[Start of Attachment]
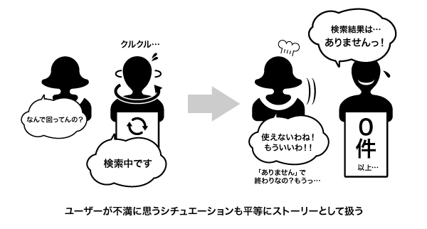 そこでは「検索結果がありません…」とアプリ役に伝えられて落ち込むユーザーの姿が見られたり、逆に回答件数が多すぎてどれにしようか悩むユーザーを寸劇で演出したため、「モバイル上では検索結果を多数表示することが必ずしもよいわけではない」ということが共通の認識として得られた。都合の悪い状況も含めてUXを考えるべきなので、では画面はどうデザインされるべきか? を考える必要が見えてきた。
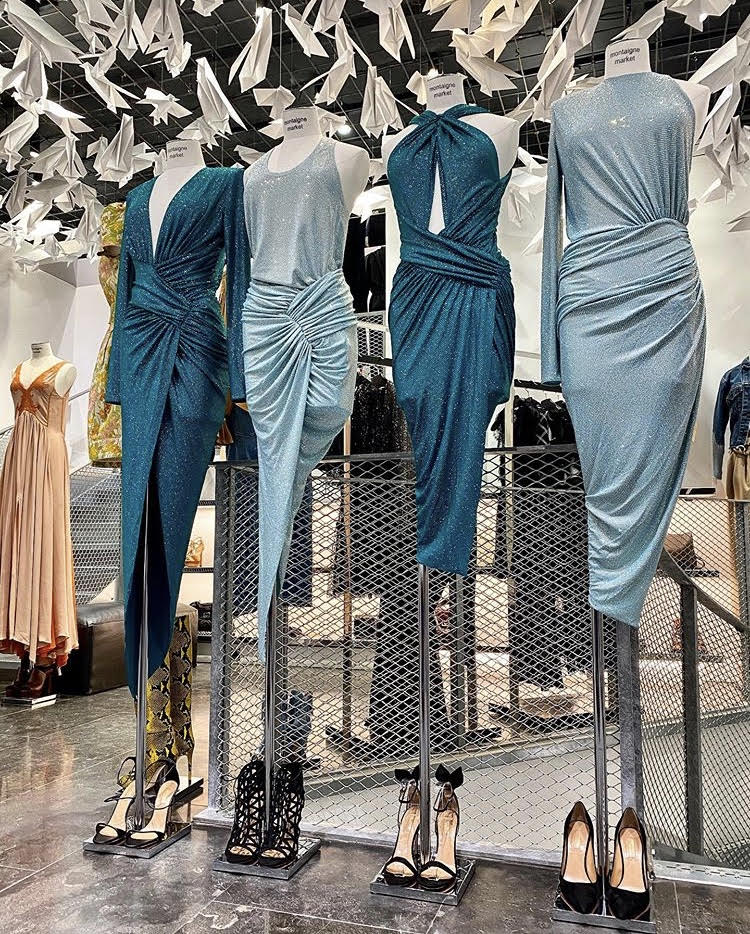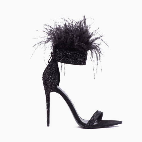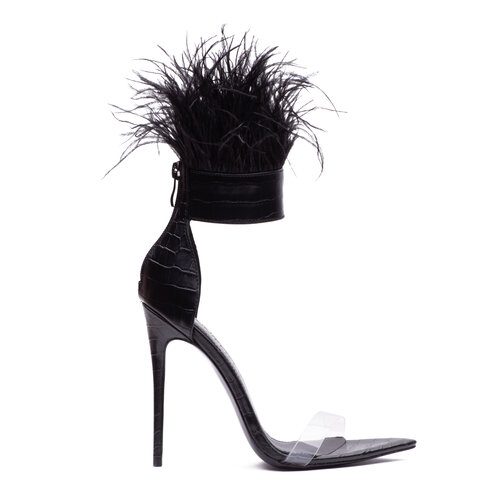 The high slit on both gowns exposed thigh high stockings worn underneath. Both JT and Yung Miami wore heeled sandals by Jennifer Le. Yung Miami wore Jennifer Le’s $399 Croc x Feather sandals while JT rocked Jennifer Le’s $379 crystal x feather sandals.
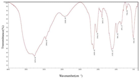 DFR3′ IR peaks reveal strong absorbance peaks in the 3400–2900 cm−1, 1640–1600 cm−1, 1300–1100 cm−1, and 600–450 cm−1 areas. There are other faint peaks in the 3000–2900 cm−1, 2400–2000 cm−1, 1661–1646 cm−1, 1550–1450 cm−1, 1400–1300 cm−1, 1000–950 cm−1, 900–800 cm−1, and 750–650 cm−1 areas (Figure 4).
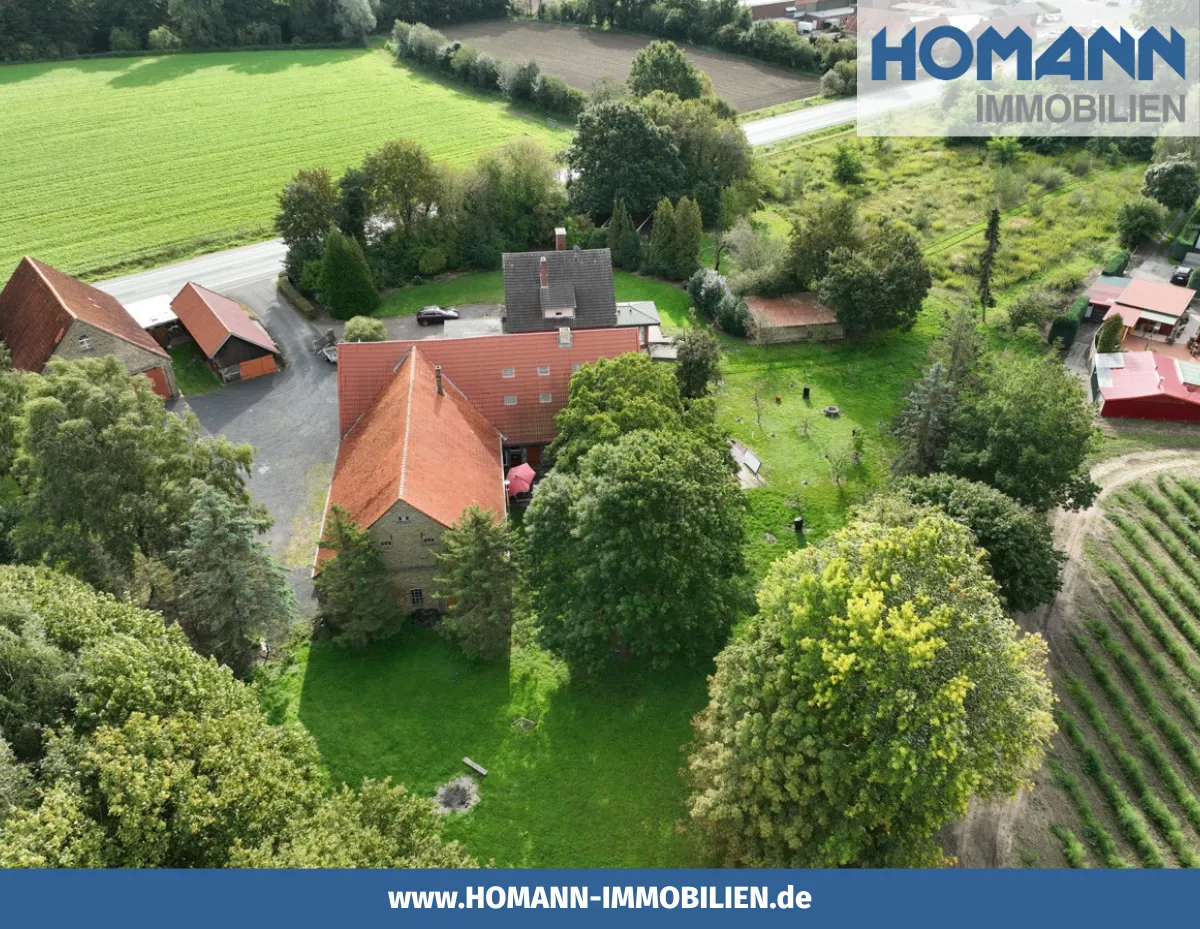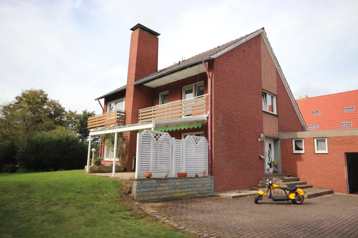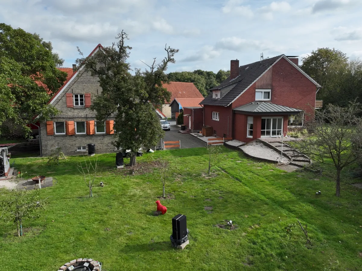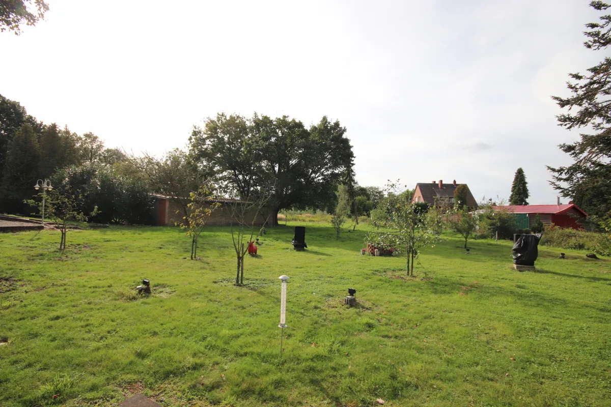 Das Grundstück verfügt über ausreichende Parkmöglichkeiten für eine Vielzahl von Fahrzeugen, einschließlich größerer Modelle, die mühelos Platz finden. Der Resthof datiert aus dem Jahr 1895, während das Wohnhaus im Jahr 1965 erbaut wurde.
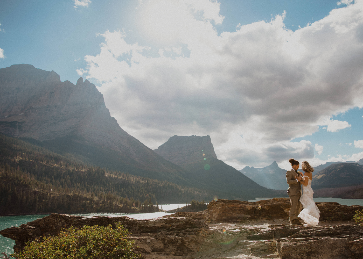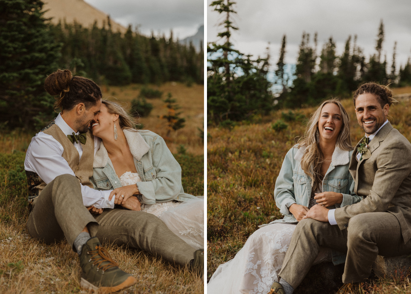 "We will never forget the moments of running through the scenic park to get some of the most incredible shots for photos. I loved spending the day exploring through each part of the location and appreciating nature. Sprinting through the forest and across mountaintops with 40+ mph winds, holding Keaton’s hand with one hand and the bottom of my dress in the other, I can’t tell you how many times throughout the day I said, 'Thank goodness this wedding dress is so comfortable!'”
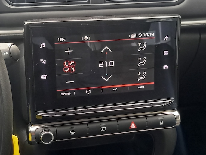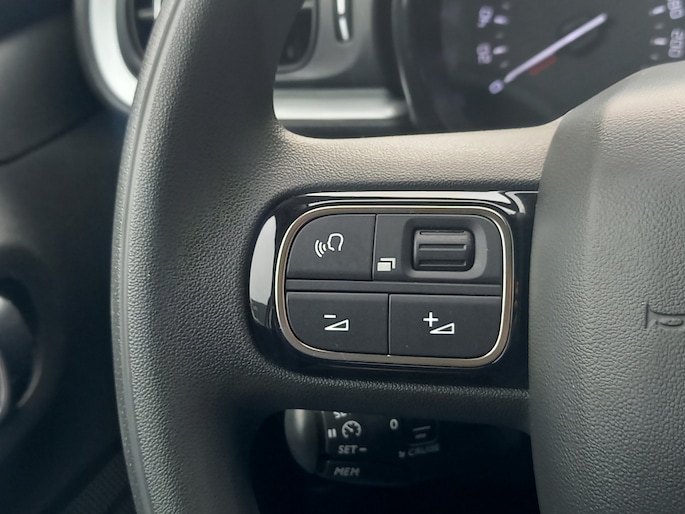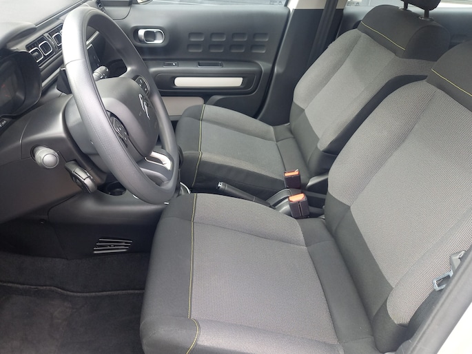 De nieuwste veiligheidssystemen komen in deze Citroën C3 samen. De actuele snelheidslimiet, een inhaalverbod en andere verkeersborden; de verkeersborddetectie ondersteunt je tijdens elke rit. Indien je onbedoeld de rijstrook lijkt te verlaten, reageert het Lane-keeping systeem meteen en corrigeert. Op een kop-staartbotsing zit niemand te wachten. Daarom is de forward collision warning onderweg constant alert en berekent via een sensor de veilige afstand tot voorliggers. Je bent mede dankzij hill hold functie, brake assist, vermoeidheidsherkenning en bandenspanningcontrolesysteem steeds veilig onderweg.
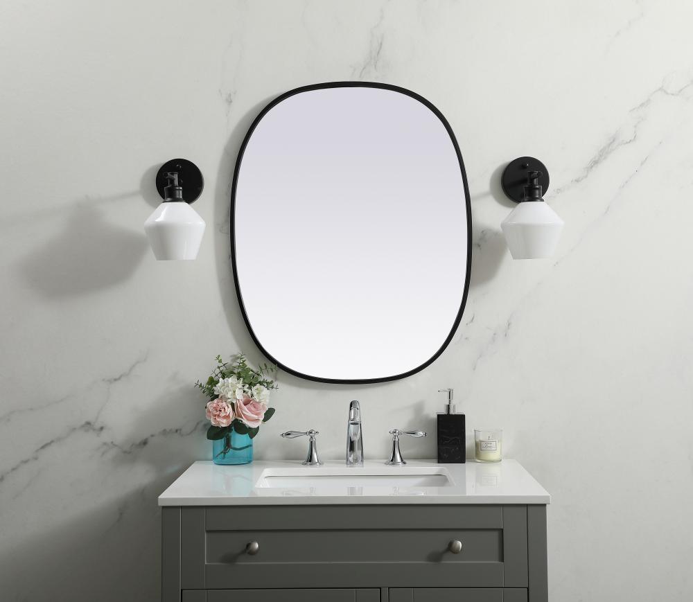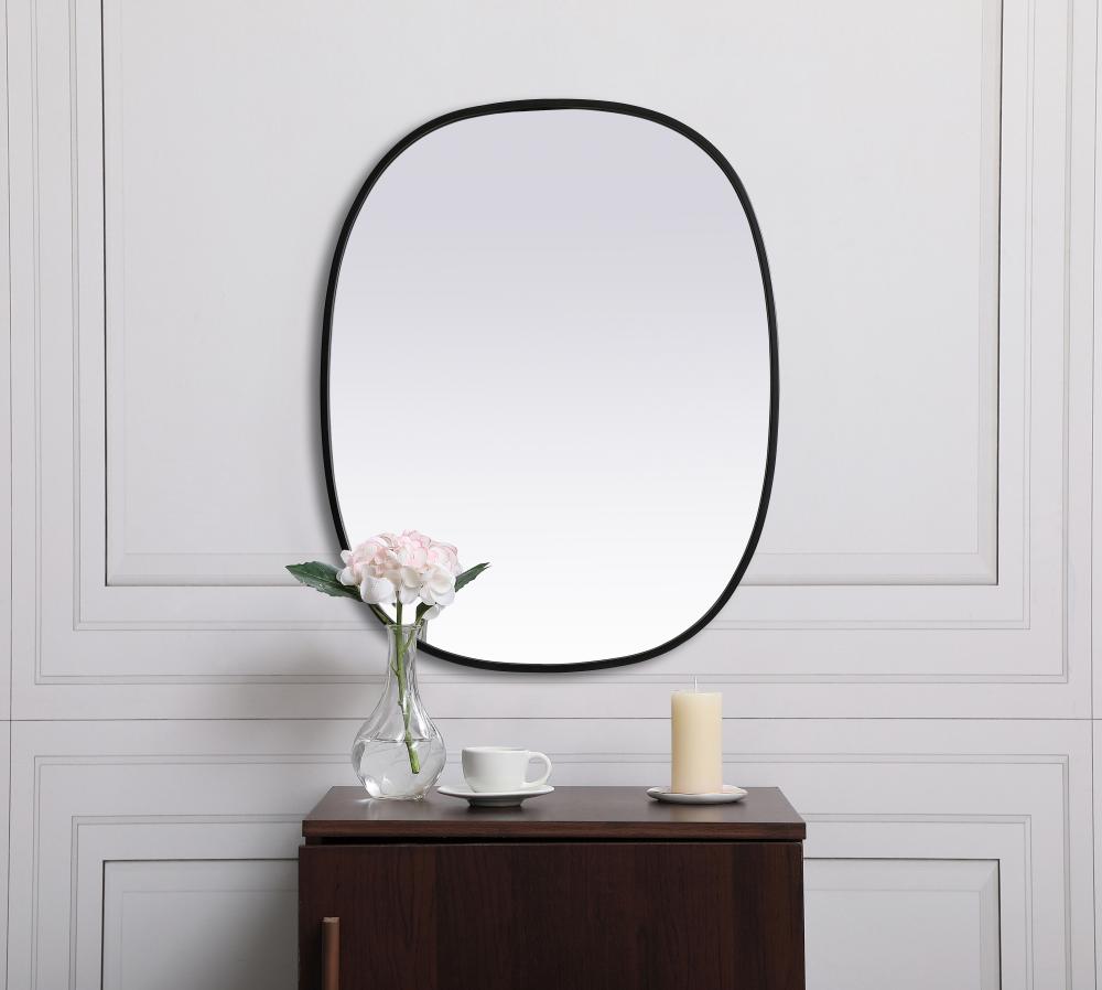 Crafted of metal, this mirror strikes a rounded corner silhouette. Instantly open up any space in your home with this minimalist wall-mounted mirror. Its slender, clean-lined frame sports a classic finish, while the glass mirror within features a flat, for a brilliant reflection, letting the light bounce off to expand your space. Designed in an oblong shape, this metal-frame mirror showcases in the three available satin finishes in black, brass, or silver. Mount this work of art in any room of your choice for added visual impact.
[End of Attachment]
### EXERCISE REQUIREMENTS
In the records above, find the line with "Das Grundstück verfügt". Print exactly from there through the line with "De nieuwste veiligheidssystemen", minus the pictures.

### YOUR SOLUTION
 Das Grundstück verfügt über ausreichende Parkmöglichkeiten für eine Vielzahl von Fahrzeugen, einschließlich größerer Modelle, die mühelos Platz finden. Der Resthof datiert aus dem Jahr 1895, während das Wohnhaus im Jahr 1965 erbaut wurde.
 "We will never forget the moments of running through the scenic park to get some of the most incredible shots for photos. I loved spending the day exploring through each part of the location and appreciating nature. Sprinting through the forest and across mountaintops with 40+ mph winds, holding Keaton’s hand with one hand and the bottom of my dress in the other, I can’t tell you how many times throughout the day I said, 'Thank goodness this wedding dress is so comfortable!'”
 De nieuwste veiligheidssystemen komen in deze Citroën C3 samen. De actuele snelheidslimiet, een inhaalverbod en andere verkeersborden; de verkeersborddetectie ondersteunt je tijdens elke rit. Indien je onbedoeld de rijstrook lijkt te verlaten, reageert het Lane-keeping systeem meteen en corrigeert. Op een kop-staartbotsing zit niemand te wachten. Daarom is de forward collision warning onderweg constant alert en berekent via een sensor de veilige afstand tot voorliggers. Je bent mede dankzij hill hold functie, brake assist, vermoeidheidsherkenning en bandenspanningcontrolesysteem steeds veilig onderweg.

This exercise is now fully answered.